>>>>

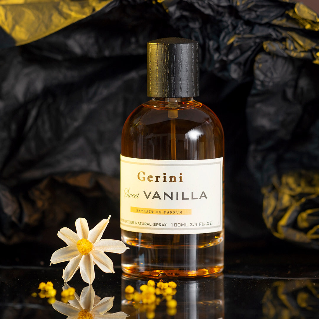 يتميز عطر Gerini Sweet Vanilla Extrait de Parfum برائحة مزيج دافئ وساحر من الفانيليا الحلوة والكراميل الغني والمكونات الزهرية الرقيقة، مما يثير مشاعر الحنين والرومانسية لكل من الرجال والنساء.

<<<<
>>>>

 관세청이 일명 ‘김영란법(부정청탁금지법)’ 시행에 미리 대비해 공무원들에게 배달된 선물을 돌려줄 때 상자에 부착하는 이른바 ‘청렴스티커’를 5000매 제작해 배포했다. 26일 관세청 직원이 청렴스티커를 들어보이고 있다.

<<<<
>>>>

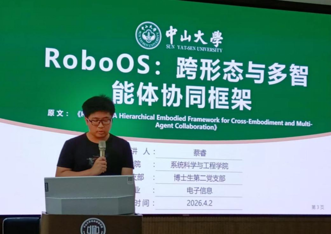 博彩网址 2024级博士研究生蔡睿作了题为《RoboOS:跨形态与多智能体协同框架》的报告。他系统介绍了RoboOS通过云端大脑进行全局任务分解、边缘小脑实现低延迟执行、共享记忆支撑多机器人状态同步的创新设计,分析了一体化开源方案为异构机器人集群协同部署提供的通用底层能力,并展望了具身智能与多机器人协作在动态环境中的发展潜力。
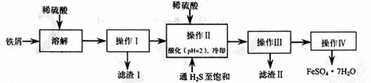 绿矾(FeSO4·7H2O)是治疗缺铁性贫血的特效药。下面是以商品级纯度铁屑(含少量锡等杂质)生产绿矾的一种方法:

<<<<

> [AIM OF THE EXERCISE]: Please transcribe exactly the part of the records that opens with the line containing "博彩网址 2024级博士研究" and closes with the line containing "绿矾(FeSO4·7H2O)", both ends included, and leave out the pictures.

> [ANSWER SPACE]:
 博彩网址 2024级博士研究生蔡睿作了题为《RoboOS:跨形态与多智能体协同框架》的报告。他系统介绍了RoboOS通过云端大脑进行全局任务分解、边缘小脑实现低延迟执行、共享记忆支撑多机器人状态同步的创新设计,分析了一体化开源方案为异构机器人集群协同部署提供的通用底层能力,并展望了具身智能与多机器人协作在动态环境中的发展潜力。
 绿矾(FeSO4·7H2O)是治疗缺铁性贫血的特效药。下面是以商品级纯度铁屑(含少量锡等杂质)生产绿矾的一种方法:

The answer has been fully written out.